The wines that worked best occupied a middle ground between these extremes.  They had fruity, almost juicy personalities, and served much the same function as chutney does with curry, providing succulent solace.  We’re recommending three reds and two whites, but with this pairing color turns out to be much less important than style.  Lush, ripe fruit flavor is the key.



Approx. Price





Bogle, California Petite Sirah 2008








Bogle’s value-priced Petite Sirah has helped inspire renewed consumer interest in this California varietal, in part because unlike more supposedly “serious” renditions, it tastes smooth and succulent rather than brawny or muscular.  Those qualities are precisely what made it work well with this dish, as bright fruit rather than forceful tannin came to the fore. 



Cantele, Salento (Italy) Primitivo IGT 2008

(Imported by Vias Imports Ltd.)





Fresh red berry fruit enhanced by echoes of briary spice distinguished this supple wine.  Unlike a more powerful California Zinfandel, it did not seem hot or overbearing, but instead allowed the flavors of the dish to have their say. 

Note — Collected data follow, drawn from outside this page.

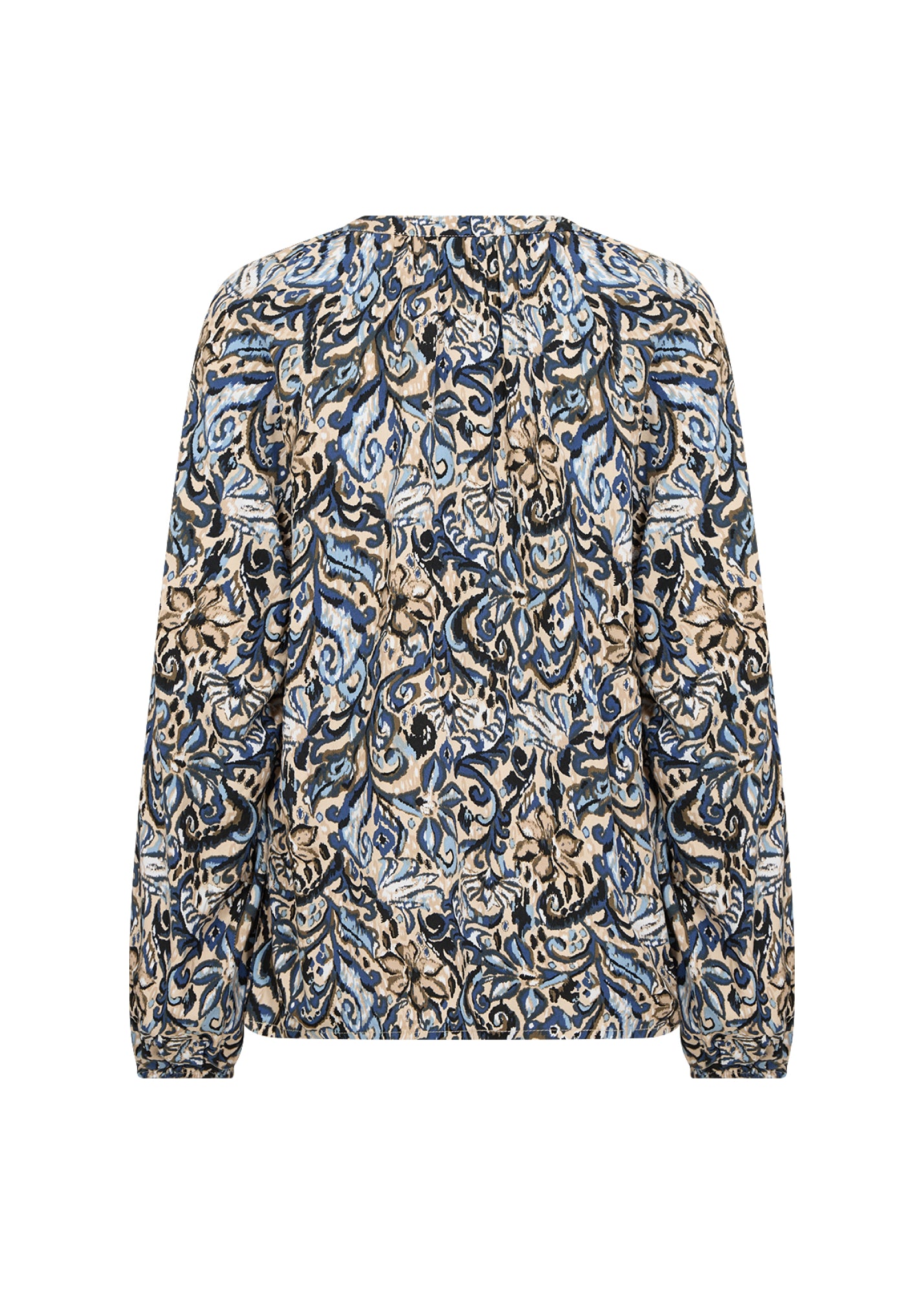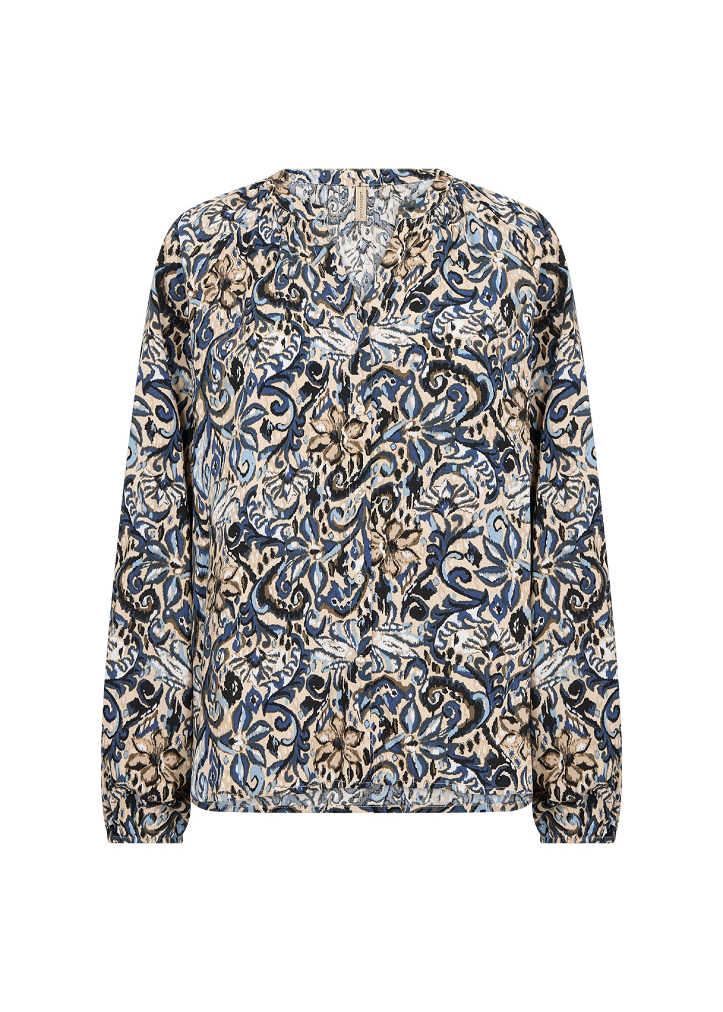 Das SC-VAVA 1 Shirt ist aus 100% LENZING™ ECOVERO™ Viskose gefertigt. Es hat einen V-Ausschnitt, lange Ärmel und einen auffälligen, verschlungenen Druck. Kombiniere es mit einer maßgeschneiderten Hose oder Jeans für einen stilvollen Look.
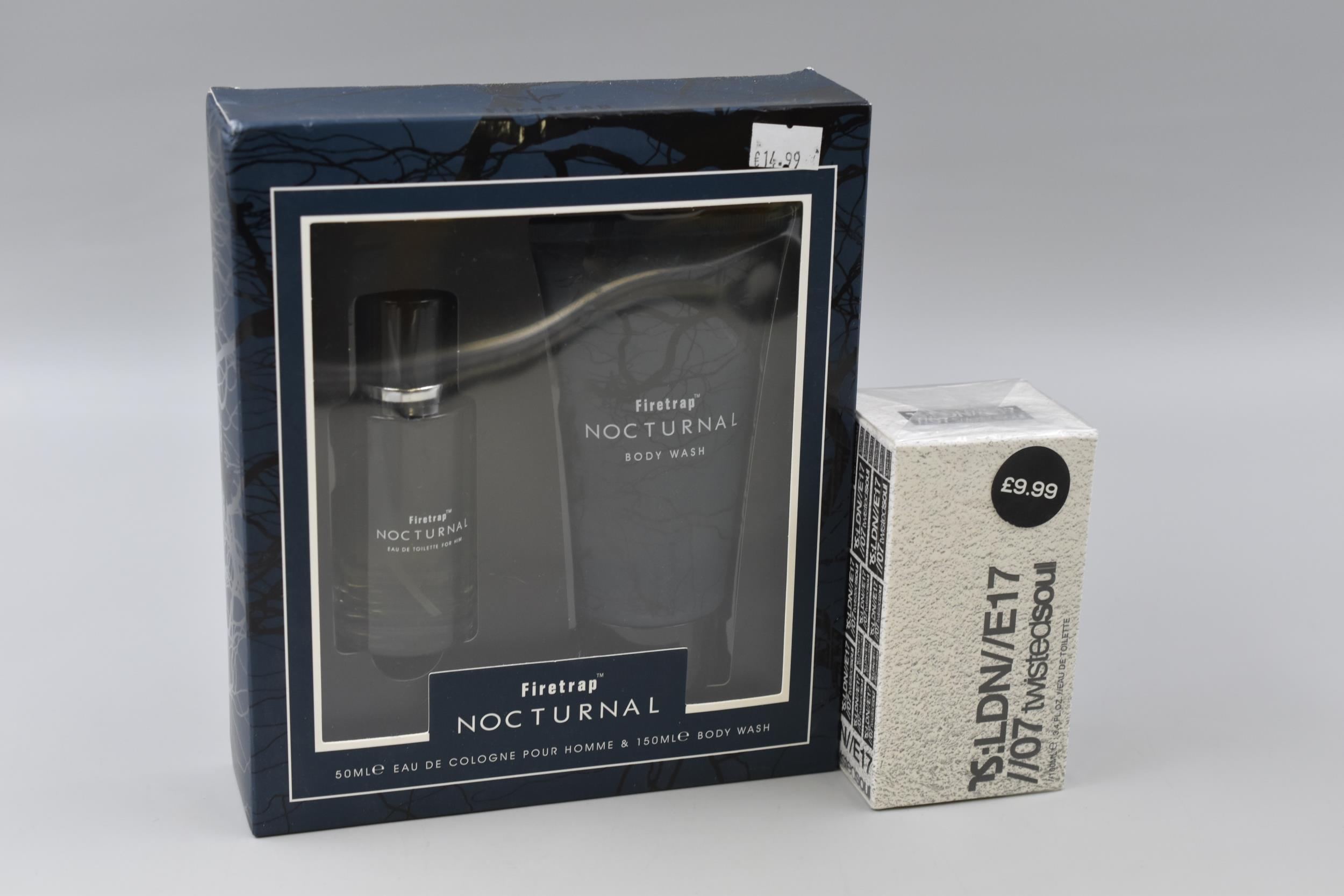 Two Male Fragrances to include a Box Set Firetrap Nocturnal Eau De Toilette and Body Wash and a Sealed Boxed 100ml Fruity Smelling Twisted Soul Aftershave
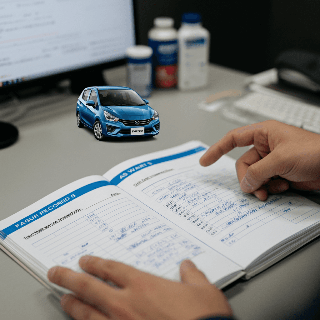 ファミリアS-ワゴンの整備記録簿に定期点検(12ヶ月・24ヶ月)の履歴が全て記載されていれば「管理の行き届いた車」と高評価。特にエンジンオイル交換履歴は重要で+6~9万円の効果。

Cent’Are, Sicilia (Italy) Nero d’Avola IGT 2006

(Imported by Wine Wave)





Fully mature but not dry or pasty, this dark red tasted surprisingly lively.  As with all the reds we’re recommending, it seemed juicy, with a hint of sweet spice augmenting its primary fresh fruit flavors.



Mendel, Mendoza (Argentina) Semillon 2010

(Imported by Vine Connections)






Very bright and fresh, with a fleshy texture and a succulent bouquet, this wine tasted of citrus and tropical fruits, with hints of honey and coconut in the finish.  It had more than enough heft to hold its own with the chicken, while at the same time being lively and vivacious.


Elena Walch, Alto Adige (Italy) Pinot Bianco 2009

(Imported by The Country Vintner)




A rich white, with echoes of honeysuckle and other flowers in the bouquet, this wine tasted of apple and pear fruit with a hint of vanilla in the finish.  It seemed substantial but in no sense heavy, so proved refreshing, especially given the spice in the curry.